The table below shows three query images along with their corresponding top five images in embedding space (I used the first 1000 images of Unsplash Lite as the dataset):
|Query image||Nearest neighbors|
These results you see above were generated with an image embedding model based on
resnet50, a well-known pure convolutional image classification model. Embeddings are not limited to images - they can also be generated for wide array of different types of unstructured data, including images, audio, time-series data, and molecular structures. Models which embed multiple different types of data into the same space, also more commonly known as multi-modal embedding models, also exist and are being used in an increasingly large number of applications.
As we’ll see in the next two sections, generating these high quality embeddings can be difficult, especially at scale.
Training a new model for embedding tasks
On paper, training a new ML model and generating embeddings with it sounds easy: take the latest and greatest pre-built model1, backed by the newest architecture, and train it with some data. Easy, right?
Not so fast. On the surface, it may seem easy to use the latest model architecture to achieve state-of-the-art results2. This, however, could not be further from the truth. Let’s go over some common pitfalls related to training embedding models (these also apply to general machine learning models):
Not enough data: Training a new embedding model from scratch without enough data makes it prone to a phenomenon called overfitting. In practice, only the largest global organizations have enough data to make training a new model from scratch worthwhile; others must rely on fine-tuning, a process where an already-trained model with large amounts of data is then distilled using a smaller dataset.

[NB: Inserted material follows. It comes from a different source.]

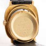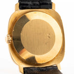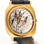 Patek Philippe 3543 Square Roman from the 1970s on a wrist. 31mm in 18k Yellow Gold with Manual wind movement, Golden sunburst dial and Original Leather strap.
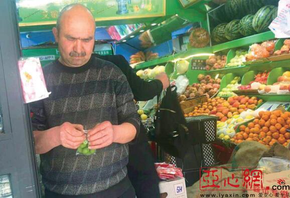 4月17日,乌市和平南路一水果店,店主玉素甫·买买提依明正将青杏装袋。阿丽米热·艾尼摄

Poor hyperparameter selection: Hyperparameters are constants which are used to control the training process, such as how quickly the model learns or how much data is used for training in a single batch. Selecting an appropriate set of hyperparameters is extremely important when fine-tuning a model, as small changes to certain values can result in vastly different results. Recent research in this area has also shown accuracy improvements on ImageNet-1k of over 5% (that’s a lot) training the same model from scratch with an improved training procedure.
Overestimating self-supervised models: The term self-supervision refers to a training procedure where “fundamentals” of the input data are learned by leveraging data itself without the need for labels3. In general, self-supervised methods are great for pre-training (i.e. training a model in a self-supervised fashion with lots of unlabelled data before fine-tuning it with a smaller labelled dataset) but directly using self-supervised embeddings can result in suboptimal performance.

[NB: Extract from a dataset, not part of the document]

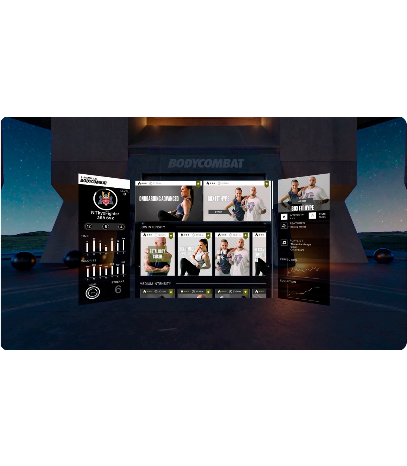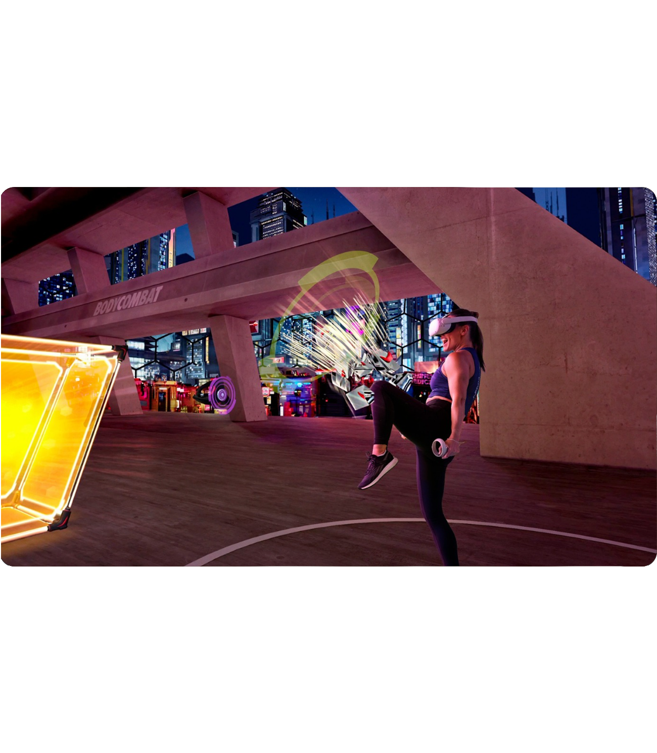 LES MILLS BODYCOMBAT is the top fitness program inspired by several martial arts workouts with moves from Karate, Boxing, Muay Thai and much more! This workout, featured in 1,000s of gyms globally, is now available in VR so you can jump into an immersive fitness experience inside different dreamlike environments.

A common way for tackling all three of the above problems is to first train a self-supervised model using a massive quantity of data before fine-tuning the model on labelled data. This has been shown to work great for NLP, but not so much for CV just yet.

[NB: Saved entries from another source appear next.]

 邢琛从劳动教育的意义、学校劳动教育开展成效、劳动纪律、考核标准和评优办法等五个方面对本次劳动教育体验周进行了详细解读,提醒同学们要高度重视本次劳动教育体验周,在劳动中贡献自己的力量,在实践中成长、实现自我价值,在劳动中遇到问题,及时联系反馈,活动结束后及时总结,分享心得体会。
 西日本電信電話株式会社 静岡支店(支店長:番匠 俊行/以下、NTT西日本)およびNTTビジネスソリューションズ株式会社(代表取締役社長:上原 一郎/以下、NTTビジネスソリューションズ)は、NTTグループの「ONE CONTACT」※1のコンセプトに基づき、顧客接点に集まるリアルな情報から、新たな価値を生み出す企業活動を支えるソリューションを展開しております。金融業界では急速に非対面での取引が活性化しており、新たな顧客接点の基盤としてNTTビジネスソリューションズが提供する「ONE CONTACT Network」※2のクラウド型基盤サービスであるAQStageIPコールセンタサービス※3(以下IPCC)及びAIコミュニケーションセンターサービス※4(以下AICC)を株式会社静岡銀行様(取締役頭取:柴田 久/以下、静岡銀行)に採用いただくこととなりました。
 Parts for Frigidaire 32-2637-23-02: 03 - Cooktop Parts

An illustration of Meta's data2vec training technique, a self-supervised method for training deep neural networks across a variety of unstructured data types. Source: Meta AI blog
Using embedding models has its own pitfalls
These are just some of the many common mistakes associated with training embedding models. As a direct result of this, many developers looking to use embeddings make direct use of pre-trained models on academic datasets such as ImageNet (for image classification) and SQuAD (for question answering). Despite the abundance of pre-trained models available today, there are several pitfalls which should be avoided in order to extract maximum embedding performance:
Training and inference data mismatch: Using an off-the-shelf model trained by other organizations has become a popular way to develop ML applications without needing thousands of GPU/TPU-hours. Understanding the limitations of a particular embedding model and how that can impact application performance is extremely important; without understanding the model’s training data and methodology, it’s incredibly easy to misinterpret results. For example, a model trained to embed music will work poorly when applied to speech and vice versa.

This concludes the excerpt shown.